易と八卦
- 2017/02/07
- 18:25
陰陽五行が易を構成する基本要素でないならば、易の基本的構成単位は如何なるものかというに、八卦がそれであると言えるやも知れぬ。
加藤大岳氏は、五行は抽象的であり、批判的な宇宙観を有っているのに対し、八卦は具体的であり肯定的な宇宙観を有っているとも見ることが出来、その発生の時代を考えれば、具体的で素朴な八卦の方が遥かに五行よりも古いことが想像される、としている。
また、『易緯乾坤鑿度』は、八卦の卦画はそれぞれ天地風山火水雷沢を表す古代文字であると云い、楊誠斎や王応麟など、この八卦古代文字説を是とする諸家少なくないが、これら八卦発生の古さを説く諸説は一先ず置いて、今日の我々が易筮を行って卦象を読む際、爻の陰陽や五行は何時も必ず判断の材料に供するという訳ではないのに対し、小成卦は必ず重視して占考するのではないかと思う。
これは今日の我々に限らず、左国収載の古占例を検しても、小成卦は内外互体を問わず用いられており、小成卦が占考機関として重視されていることが明らかである。
従って、最も重要な構成単位はやはり八卦であるとして差し支えないと思う。
しかし、この八卦というのも又なかなか厄介な代物である。
作易についての伝説では、伏羲が八卦を作したというのは大体定論と云って良く、重卦については、『史記』は文王であると云い、鄭玄は神農であると云い、孫盛は禹王であると云い、はたまた王弼は重卦も又伏羲の作とするのだが、八卦を重ねて六十四卦が出来たのではなく、六十四卦から八卦が出来たとする説もあるのだ。
実際、左国の古占例を見ても、卦象を解する時にのみ上下卦の区分がなされるだけであり、卦爻辞の内容も又、上下卦ではっきりと区分されるような点は見当たらない。
山田慶児氏の「カテゴリーとしての八卦の形成」(『思想』2015年9月号)によると、八卦を積み重ねて六十四卦を作ったとする従来の見方は疑うべきで、『易経』から読み取ることが出来るのは、八卦から六十四卦へという発展段階説に立って注釈家たちが『周易』を解釈している、という事実だけで、実際には初めに六十四卦が発明され、そののち卦を構成する基本要素として八卦が抽出されたのではないかとし、この仮説には、それを支持する、すくなくとも三つの間接的な証拠があるとしている。

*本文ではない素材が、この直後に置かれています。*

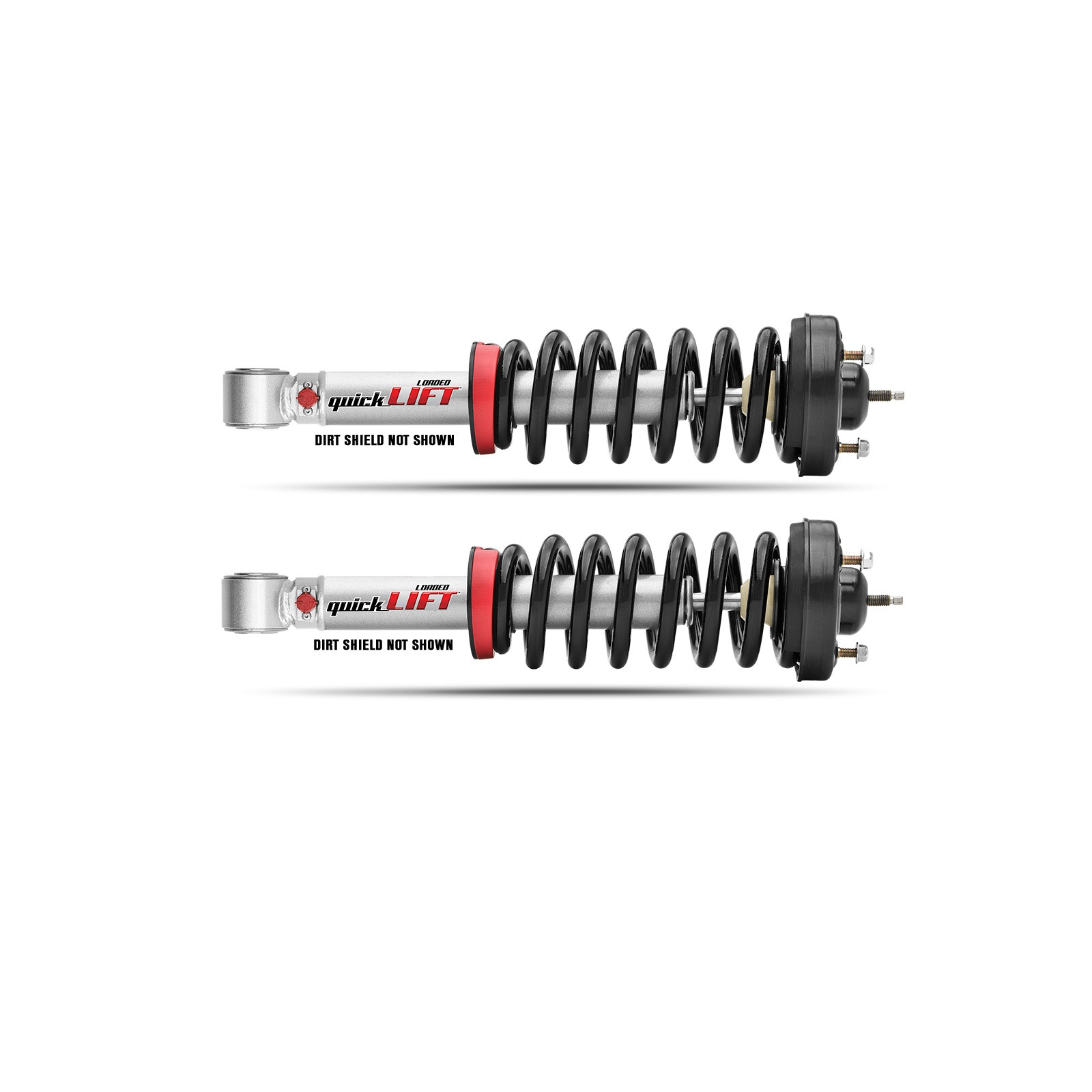 $ImageURL1$ Rancho QuickLift Loaded Front Struts & RS5000X Rear Shocks fits F150 & Mark LT PART NUMBER: RS999910|RS55286 BRAND: Rancho DESCRIPTION Set of Front Loaded QuickLift Strut Assembly & Rear RS5000X Shock Absorbers Brand Rancho Part Number RS999910/RS55286 UPC Does not apply Front QuickLIFT Loaded Complete Gas Charged Strut Assembly (RS999910) Award-winning Rancho® quickLIFT Loaded assemblies level and lift late-model trucks and SUVs, providing an aggressive stance and allowing for the use of larger wheel and tire packages without the cost of a complete suspension system or the long installation time. Note: *All measurements are in inches. Boot/Dust Shield end is upper. All shocks sold individually. Features Gas charged complete modular assembly Includes an application-specific, installed coil spring and upper mounting plate to simplify installation Engineered with the globally renowned and exclusive RS9000XL nineposition adjustability Improve performance and provide the ability to manually tune the vehicles ride Covered by a Limited Lifetime Warranty and 90-Day Free-Ride Offer Easy to Install Pre-assembled with coil spring and upper mount Levels front suspension Removes the factory rake Clears up to 35-in. tires** Creates a custom look, increases ground clearance 9-position tuning technology Easily adjust ride quality and performance Liquid metallic finish Premium long lasting finish Limited Lifetime Warranty and 90-Day Free-Ride Offer Guarantees your investment Shock SpecificationS (RS999910) Compressed Length Extended Length Travel Length Body Type Parts Pack 17.19 22.21 5.02 SS3 P01141 Rear RS5000X Gas Charged Shock Absorber (RS55286) The core of this new and innovative shock from Rancho® is the unique rebound valving system and an advanced compression phase of the shock absorber. This proprietary process developed by the ride engineers at Rancho will elevate the overall handling and performance of your vehicle on and off-road. Note: *Rancho RS5000X series struts include 60PSI of gas pressurization. Features Progressive Engagement Valving Tuned Compression Control Valve Enlarged 2-1/4-inch Twin Tube Body Gas Pressurization of Shock 16 mm Nitro-Carburized Rod Full-Displaced 35 mm Bore 1-3/8-inch Diameter Sintered Iron Piston Rebound Bumper Black, Natural Rubber Bushings Low-Friction, Self-Lubricating Seal Protective Boot Glass-Filled, Fluon Banded Piston Double-Welded Loops Shock Specifications (RS55286) Compressed Length Extended Length Travel Length Lower Mounting Code Upper Mounting Code Parts Pack 16.43 27.22 10.79 LS26 LS26 None Vehicle Fitment Part Number Vehicle Year Pos RS999910 "Ford Pickup - F100, F150 Series 1/2 Ton 4WD" Lincoln Mark LT 4WD 04-08 06-08 F F RS55286 "Ford Pickup - F100, F150 Series 1/2 Ton 2WD" "Ford Pickup - F100, F150 Series 1/2 Ton 4WD" Ford Pickup (1/2 Ton) 2WD (F Series) Ford Pickup (1/2 Ton) 4WD (F Series) Lincoln Mark LT (1/2 Ton) 4WD (Pickup Lincoln Mark LT 4WD 09-13 04-08 09-13 04-08 06-08 06-08 R R R R R R

一つは卦を求める操作で、卦は六つの爻から成り、一つの爻を求めるには同じ操作を三回繰り返さなければならず、それを六回繰り返して(十八変)はじめて六爻が求められるのだが、すべて単調な連続的反復であって、はじめの三爻(下卦)とあとの三爻(上卦)とを区別する、いかなる操作も介在しないことで、もう一つは六つの爻それぞれについている爻辞であり、初・二・三・四・五・上と呼ばれる六つの爻辞には、初・二・三の下卦と四・五・上の上卦とを区別していると覚しい表現はまったく見当たらず、三つ目は、ただ一つの例外を除いて、卦辞も上下を区別しない、しかし、その例外は興味深くかつ示唆的で、すなわち泰卦に「小往き大来たる」と見え、それを反転させた否卦に「大往き小来たる」と表現を反転させた、一対の卦辞がそれであって、明らかに乾を大、坤を小と区別して意味づけているのであり、これは八卦ではないが、しかしそこには八卦の萌芽がある訳で、泰と否は反転卦であって、八卦の発展と反転卦の発見は深く結びついた出来事であり、同時に進行した過程であったことを、この反転する卦記号と卦辞は強く示唆している、という。
具体的な状況のなかに置かれた特定の個人の未来について、筮を立て卦爻を求めて判断を下すとき、卦の記号と名称、そして過去に実際に下された判断の辞である卦辞と爻辞が、判断者にその場その場のイメージを喚起し、その繰り返しの中で徐々に八卦が多様な意味を獲得して、カテゴリーとして形成されて行き、前漢時代に「説卦伝」として完成されたとするのが山田論文の主旨である。
浅学非才につき、この説の是非を判断することは差し控えたいが、大抵の人は八卦を積み重ねて六十四卦が成ったとする通説以外知らないものと思うので、参考までに、この八卦後出説を提示しておきたいと思う。